— Из пистолета…
— А что ж ты не расскажешь, что к нему ночью заходил?
— А чего рассказывать? Ну, заходил.
— Зачем?
— Поговорить. Узнать, как он дошел до жизни такой, — спокойно отвечал Твердохлебов.
— А чтоб разговор легче пошел, самогоночки прихватил? Выпили, закусили… — кривя губы, быстро говорил Харченко. — Хорошо выпивать с заклятым врагом, предателем, хорошо, да?
Этого Твердохлебов не ожидал, моргал ресницами, молчал. Харченко торжествующе смотрел на него — попался, комбат!
— Чего ты от меня хочешь, майор? — наконец медленно спросил Твердохлебов.
— Правды хочу, — просто ответил майор Харченко. — Правды и только.
— Какой правды?
— О чем вели беседу советский офицер, хоть и разжалованный, но все-таки офицер, и предатель родины власовец, тоже, кстати, офицер.

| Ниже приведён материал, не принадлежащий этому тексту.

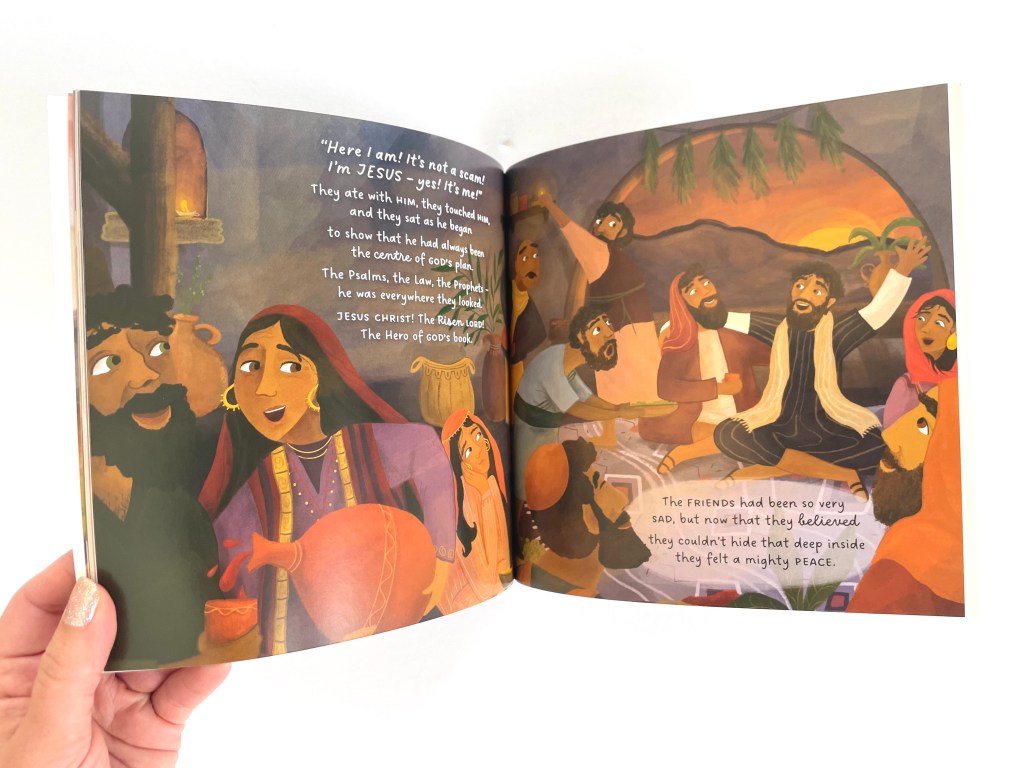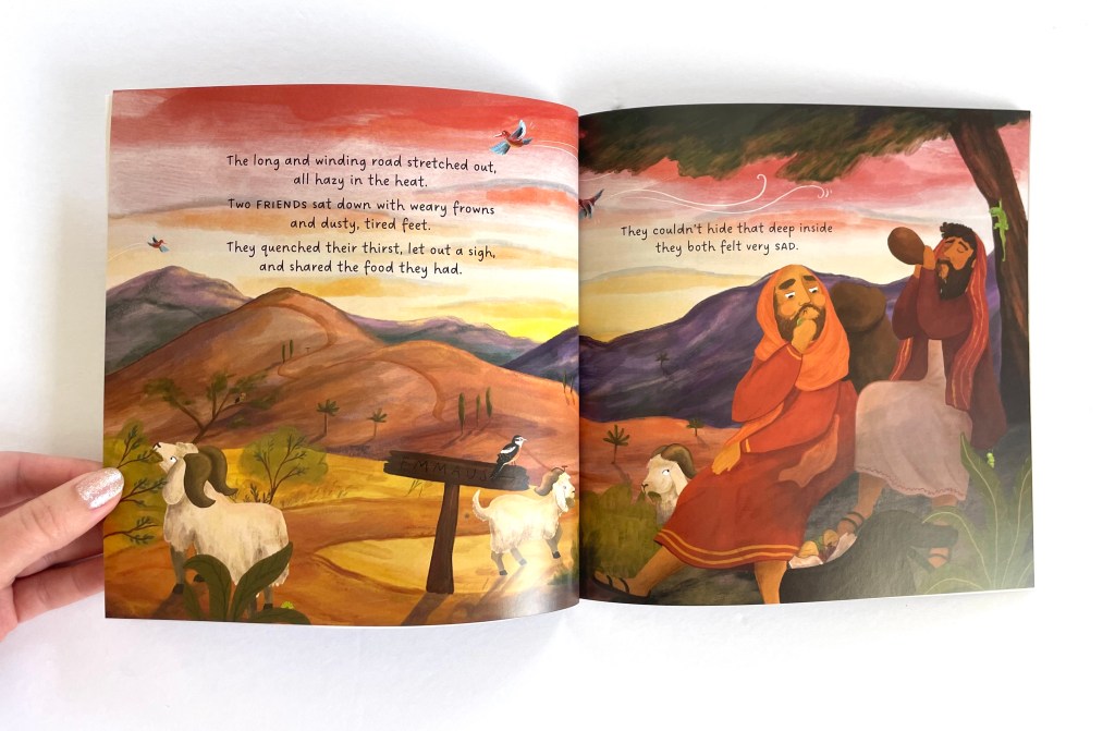 This is such a lovely and delightful Easter book. The Friends and the Traveller by Sam Brewster is a rhyming picture book recounting the lesser-known tale of the men on the road to Emmaus and the stranger, or traveller, they encountered. While this Bible story may not be as popular, the story is so rich, full of truth, and has such a storybook ending!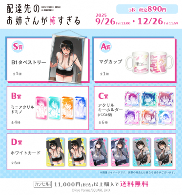 株式会社インクルーズ(東京都渋谷区、代表取締役社長 山﨑 健司)が企画・運営するフィジカルグッズのオンラインくじ「カワセルくじ」にて、9月26日(金)より、「配達先のお姉さんが怖すぎる」のくじが販売開始になりましたことをご報告させていただきます。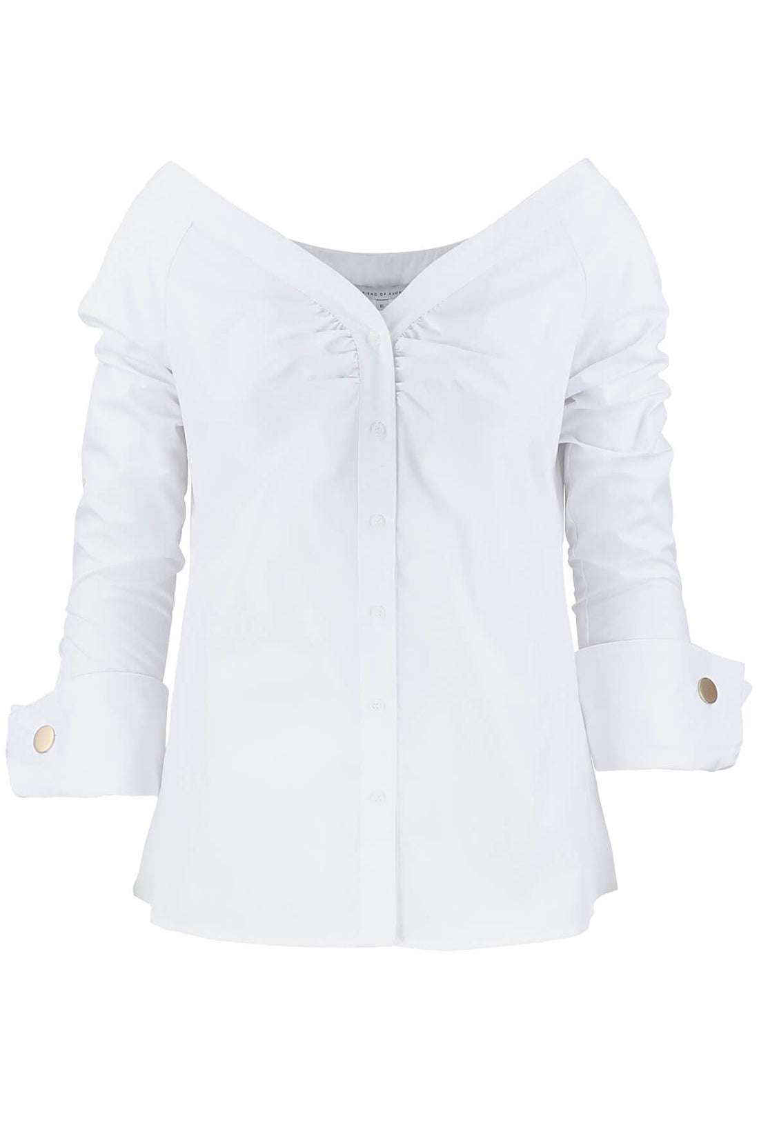 Description The art of bold cuffs. The Chloe Off Shoulder Shirt features an off-shoulder neckline...

Так о чем вы балакали, выпив самогону?
— О родине…
— Ох, ты-ы, красиво как!
— Что он ее предал и дороги у него обратной нет.
— Хорошо, так и запишем… — Харченко действительно сел за стол, подвинул к себе стопку бумаги и стал быстро писать карандашом. Потом вдруг оторвал взгляд от листа, спросил:
— Надеюсь, не забыл, как ты меня ударил?
— Нет… не забыл.
— Я ж тебя тогда застрелить мог к чертовой матери! И суда надо мной никакого не было бы. Любой трибунал вошел бы в мое положение — оскорбление офицерской чести, понимаешь?
— Чего ж не застрелил? — спросил Твердохлебов.
— А зачем? Лишний шум, пересуды… Я по-другому сделаю. Ты у меня за это еще кровью похаркаешь… — Харченко усмехнулся и снова начал писать. Карандаш летал по бумаге.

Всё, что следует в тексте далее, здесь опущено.